Work instruction:
In the listing that follows, print every line exactly and leave the images out.

Input data:
^^^^^^^^^^^^^^^^

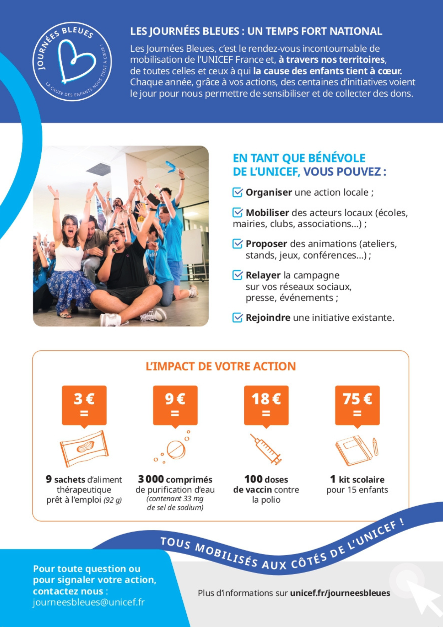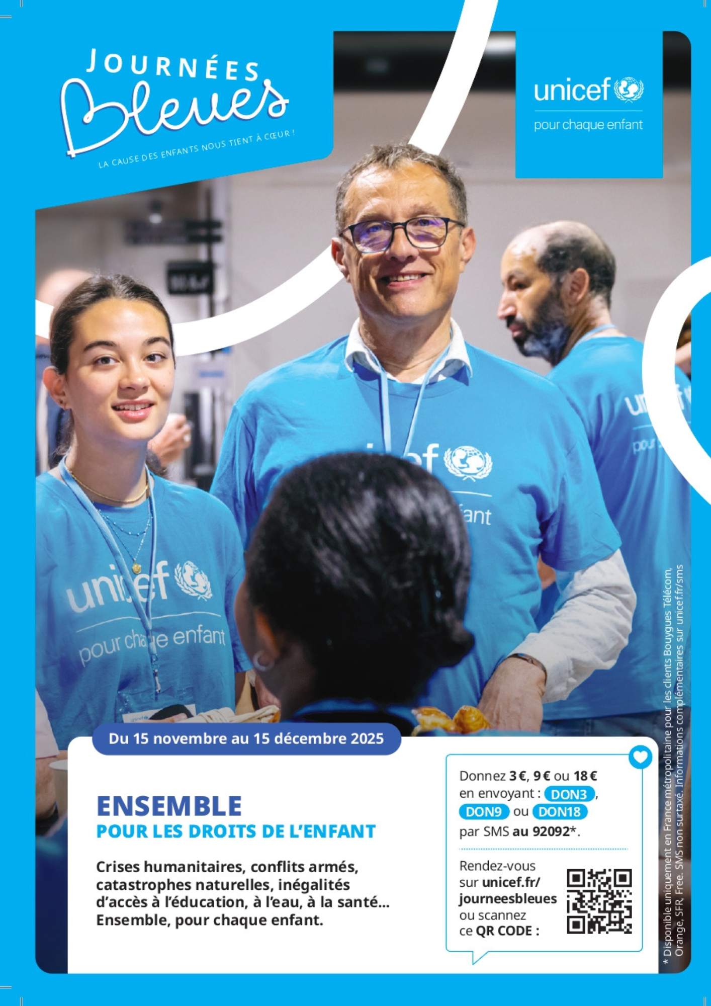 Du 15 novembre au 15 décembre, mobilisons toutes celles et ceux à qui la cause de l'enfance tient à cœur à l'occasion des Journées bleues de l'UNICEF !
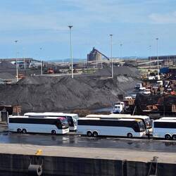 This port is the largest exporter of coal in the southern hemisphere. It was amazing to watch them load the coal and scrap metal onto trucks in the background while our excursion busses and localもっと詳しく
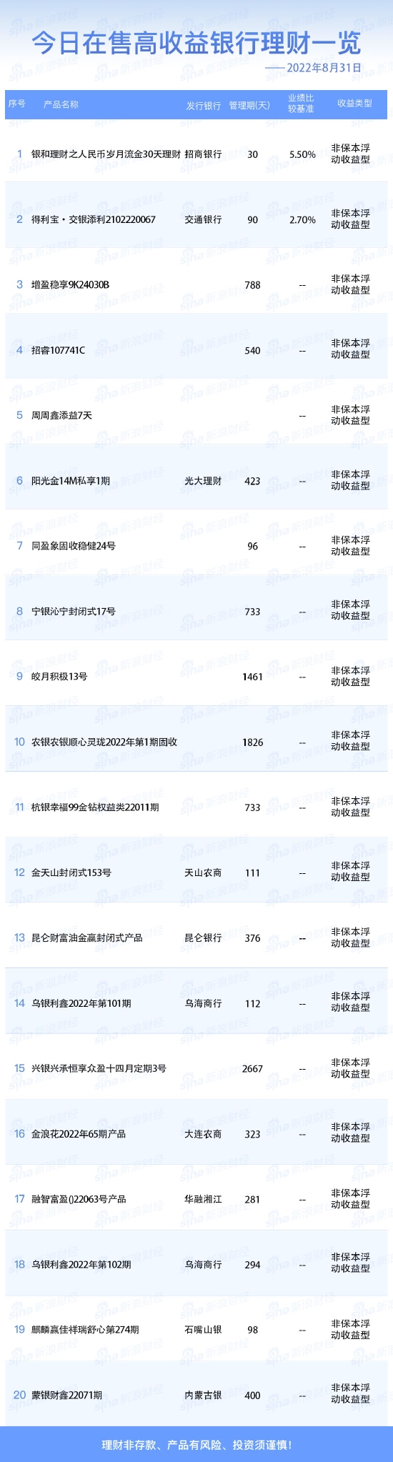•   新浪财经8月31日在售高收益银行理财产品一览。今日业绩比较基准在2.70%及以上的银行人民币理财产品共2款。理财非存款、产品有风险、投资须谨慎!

^^^^^^^^^^^^^^^^

Solution to the problem:
 Du 15 novembre au 15 décembre, mobilisons toutes celles et ceux à qui la cause de l'enfance tient à cœur à l'occasion des Journées bleues de l'UNICEF !
 This port is the largest exporter of coal in the southern hemisphere. It was amazing to watch them load the coal and scrap metal onto trucks in the background while our excursion busses and localもっと詳しく
•   新浪财经8月31日在售高收益银行理财产品一览。今日业绩比较基准在2.70%及以上的银行人民币理财产品共2款。理财非存款、产品有风险、投资须谨慎!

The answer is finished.